These are the key concepts you need to understand to accurately answer the question.

Understanding Probability Distributions
The concept of a probability distribution is fundamental in statistics as it describes the likelihood of various outcomes in an experiment or process. In the case of the multiple-choice exam in the exercise, the number of correct answers can be described by a specific probability distribution called the binomial distribution.

A binomial distribution is applicable when the experiment meets certain criteria: there are a fixed number of trials (in this case, 100 questions), each trial has only two possible outcomes (correct or incorrect), the probability of success is the same for each trial (here, a 1/5 chance of guessing correctly), and trials are independent of each other. The distribution then shows us how likely it is to achieve any number of successes (in this case, correct answers) across those trials.

The shape of the binomial distribution depends on the number of trials and the probability of success. It allows us to answer questions like, 'What is the likelihood of guessing exactly 20 questions correctly?' or 'What is the probability of guessing more than 50 questions correctly?' Understanding this helps in predicting outcomes and making informed decisions based on probabilities.
Expected Value of a Binomial Distribution
The expected value, also known as the mean, of a probability distribution is a critical measure that represents the average outcome if an experiment were repeated many times. For a binomial distribution, the expected value is calculated as the product of the number of trials and the probability of success, which is denoted by the formula \( \mu = np \).
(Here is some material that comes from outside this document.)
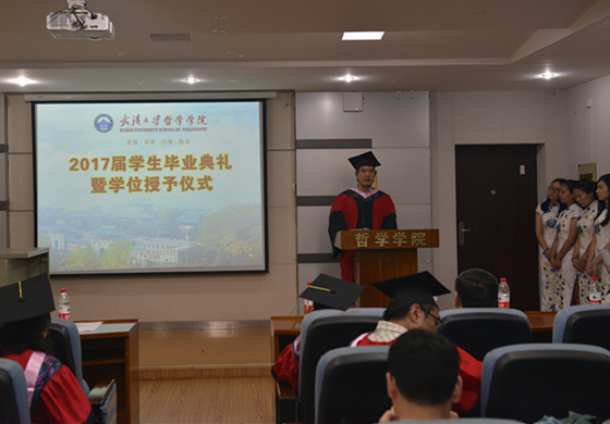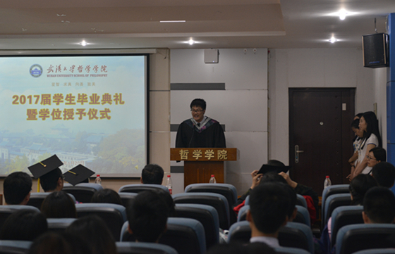 “离别并不总是感伤的,正如成熟的稻谷离开生育的大地,回归粮仓;又如金黄的种子离开播撒之手,回到大地。前者既是农人收获喜悦的季节,又是稻谷将实现自己本性的开始;后者是种子获得生长的机遇,又是播种者收获希望之时。”院长吴根友教授发表了热情洋溢的讲话。他送给同学们四句祝福:毕业是新的学习征程的开始;保持哲学人的反思精神与思考习惯,过一种有省察的生活;做一个既有情怀,又有胸怀的珞珈哲学人;专业从来不能定义你们的人生,你们恰恰要用自己的人生去重新定义、诠释自己的专业。他说,在未来的岁月里,无论你们取得多大的成就,或者仅仅是成为一个健康而平凡的建设者,我们都将以迎接我们尊贵的校友的态度,在新的振华楼里迎接你们的归来。

In the context of the given exercise, the expected score on the exam, where a student guesses on all questions, would be \( \mu = 100 \times \frac{1}{5} = 20 \). This means that if a student took many such exams, each time randomly guessing every answer, they should average about 20 correct responses over time. While it's possible to score higher or lower on a single test, the expected value provides a benchmark for the long-term average performance.
Variance and Standard Deviation in Binomial Distributions
Moving deeper into the characteristics of the binomial distribution, we encounter variance and standard deviation. Variance \( \sigma^2 \) measures the spread of the distribution, and standard deviation \( \sigma \) is the square root of variance, providing a gauge of how much we can expect outcomes to vary from the expected value.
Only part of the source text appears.